Jamie disappeared a year later into the West Coast porn world. But one day about eight years ago he was back. I invited him to my birthday party, where he met Zarela Martinez, the New York City restaurateur. She took him home and he never left. He worked in adult films into the early 2000s, mostly in nonsexual roles, but announced his retirement at the end of 2002 as a Christmas gift to Zarela.

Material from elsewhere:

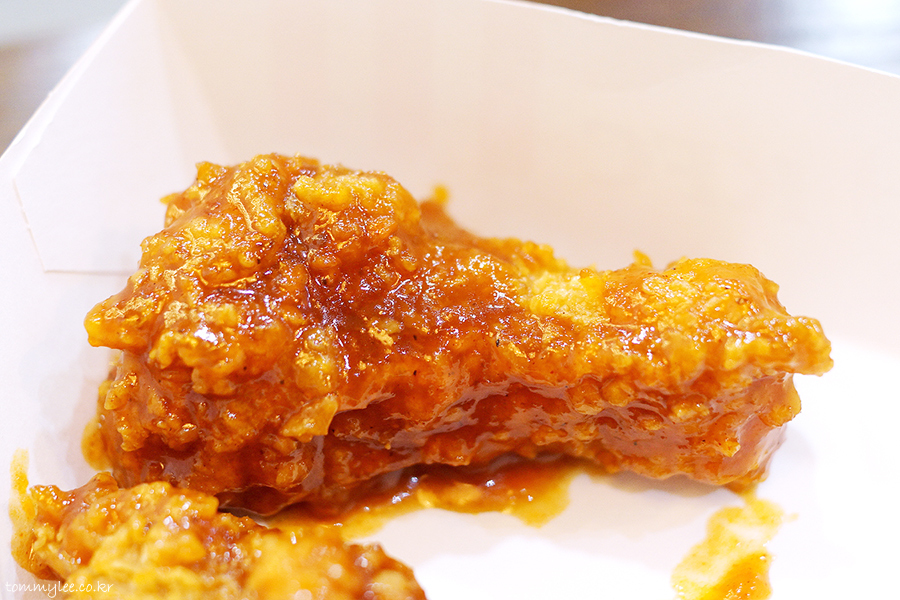 블랙라벨 치킨이 일반 치킨보다 양이 많긴 하네요.. 볼륨이 있는 데다 양념까지 묻혀 놓으니 엄청 무거움..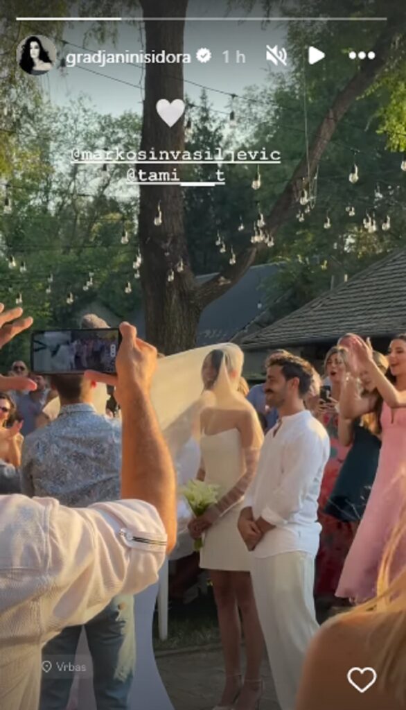 Mladenci su blistali nasmejan, a mlada je za ovu priliku odabrala kratku belu haljinu, a imala je i veo.

Jamie had always talked about buying the house he was born in, on West 103rd Street, so he could invite everyone he loved to live there. Zarela gave him the next best thing, opening her East 53rd Street town house to all his friends, to the women he had loved over the years, and to their husbands and mates. Zarela's friends, when they encountered Jamie's intelligence and playfulness, became his friends, too.

In December I got an e-mail from Jamie with the subject line: "Cancer, schmancer."

"Hey Dancing Queen," it began, "I've only recently begun to tell friends and family, but you may have already heard that the Black Swan is expected to be sinking in the near future from a nasty, rare cancer.… I am emotionally in a very good place (at least so far) and would feel myself ridiculously ungrateful for the great life I have had if I began to complain now. Thanks for all the hee hees. Your Swan, Jamie."

He died on February 19, 2010, at the age of 66.